WORK ITEM
Return the material below exactly, but only from the line with "R obert Ladouceur" through the line with "Áp dụng chuỗi", and without its pictures.

INPUT
======

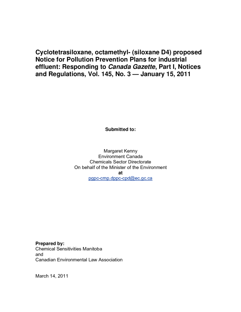 Cyclotetrasiloxane, octamethyl- (siloxane D4), Proposed Notice for Pollution Prevention Plans for industrial effluent
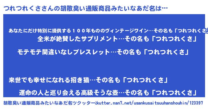 | 男性向けラノベタイトル風あだ名 | 『つれつれくさの憂鬱』 |
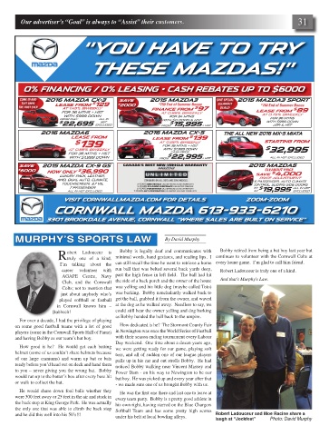 R obert Ladouceur is minimal words, hand gestures, and reading lips. I continues to volunteer with the Cornwall Colts at
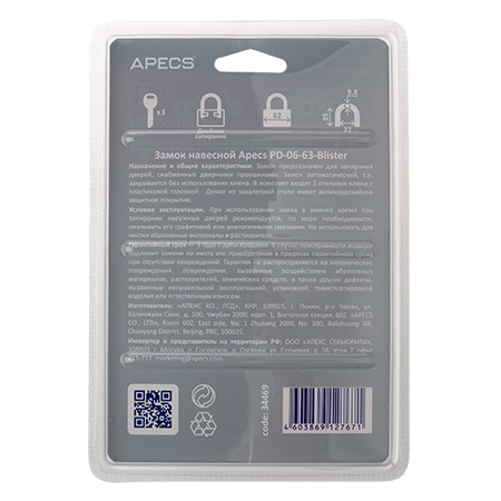 Замок навесной Apecs PD-06-63-Blister
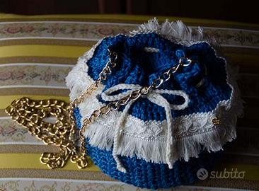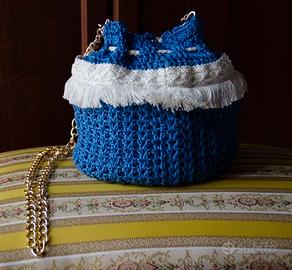 Borsa secchiello in cotone 100% ,nei colori blu/bianco, fatta a mano con rivestimento interno in stoffa fantasia siciliana. Ornata esternamene con frangia bianca. Chiusura con cordoncino. Tracolla catenella in metallo oro. Articolo di artigianato.
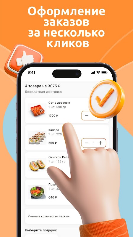 Áp dụng chuỗi quán sushi "Hương vị và cá hồi" với thời gian giao hàng từ 45 phút. Chúng tôi đảm bảo độ tươi của sản phẩm và khi đăng ký, bạn sẽ nhận được 150 điểm thưởng. Đặt món bánh mì yêu thích của bạn chỉ trong vài cú nhấp chuột và thưởng thức ẩm thực Nhật Bản đích thực! 24 điểm nhận hàng và giao hàng đến hầu hết các khu vực của Moscow và khu vực Moscow.
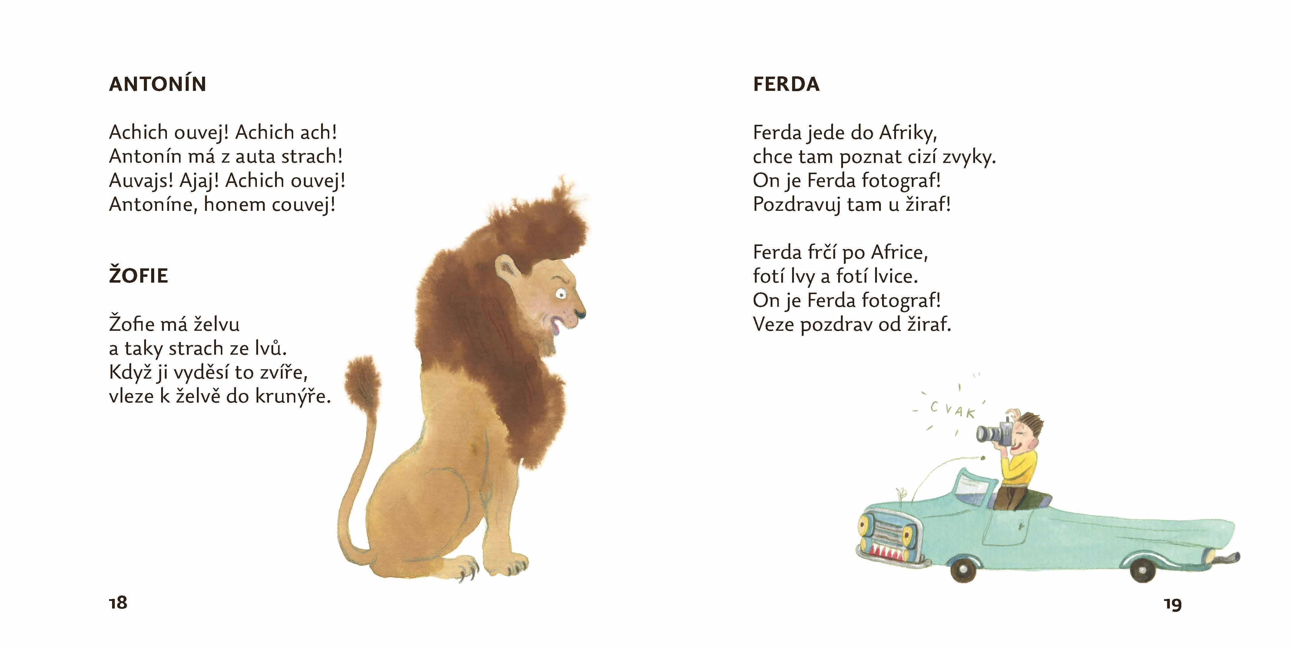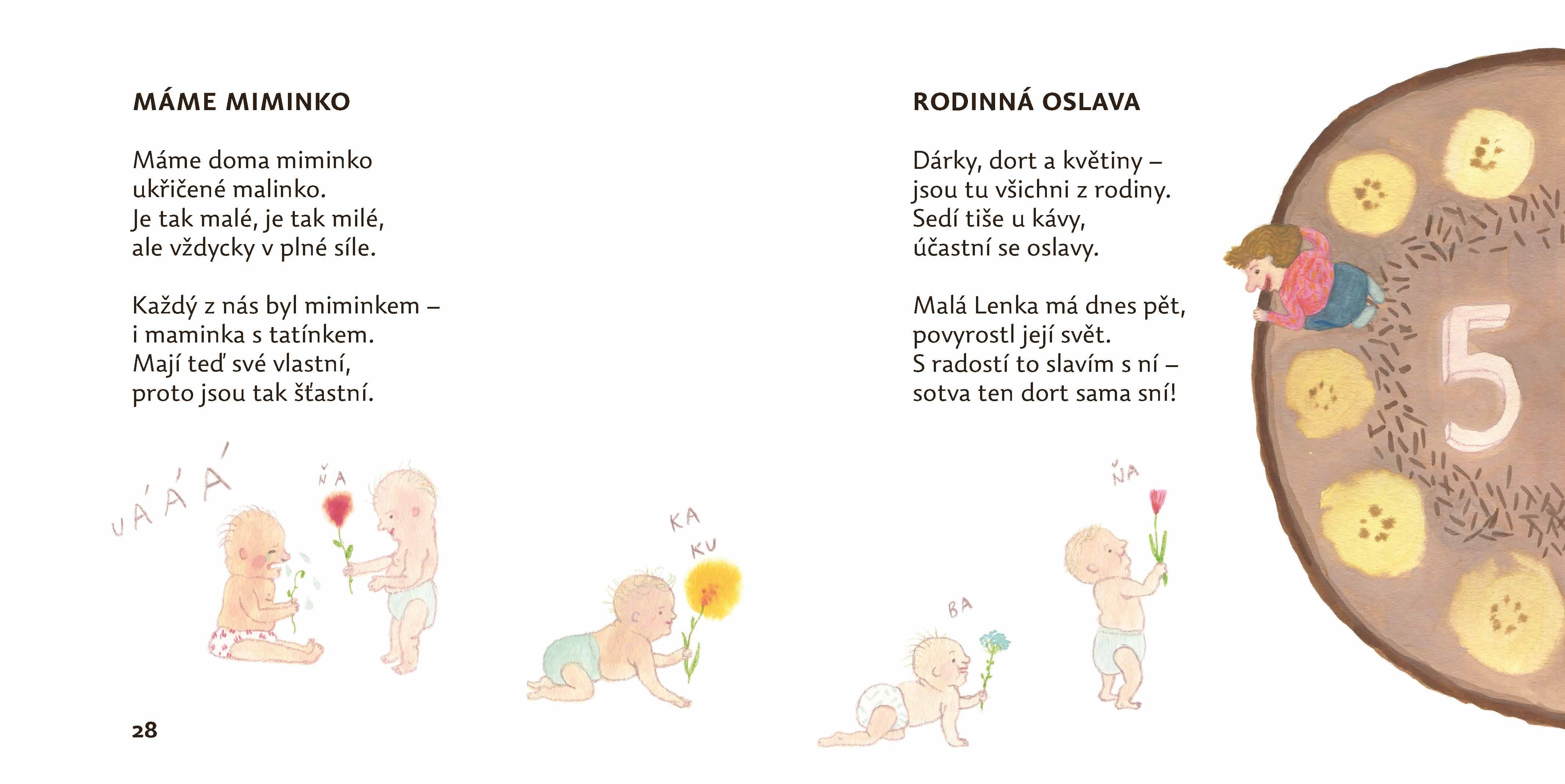 Krátké veselé básničky, nonsensové veršíky a další řečičky o všem možném, o zvířátkách, o klucích a holčičkách (o holčičce, která si vlezla do želvího krunýře, o jiné holčičce, která si nechala narůst vousy), tetách, pánech, švestkách nebo třeba hruškách. Veselé texty Radka Malého doprovázejí půvabné ilustrace Alžběty Skálové.

======

SOLUTION
 R obert Ladouceur is minimal words, hand gestures, and reading lips. I continues to volunteer with the Cornwall Colts at
 Замок навесной Apecs PD-06-63-Blister
 Borsa secchiello in cotone 100% ,nei colori blu/bianco, fatta a mano con rivestimento interno in stoffa fantasia siciliana. Ornata esternamene con frangia bianca. Chiusura con cordoncino. Tracolla catenella in metallo oro. Articolo di artigianato.
 Áp dụng chuỗi quán sushi "Hương vị và cá hồi" với thời gian giao hàng từ 45 phút. Chúng tôi đảm bảo độ tươi của sản phẩm và khi đăng ký, bạn sẽ nhận được 150 điểm thưởng. Đặt món bánh mì yêu thích của bạn chỉ trong vài cú nhấp chuột và thưởng thức ẩm thực Nhật Bản đích thực! 24 điểm nhận hàng và giao hàng đến hầu hết các khu vực của Moscow và khu vực Moscow.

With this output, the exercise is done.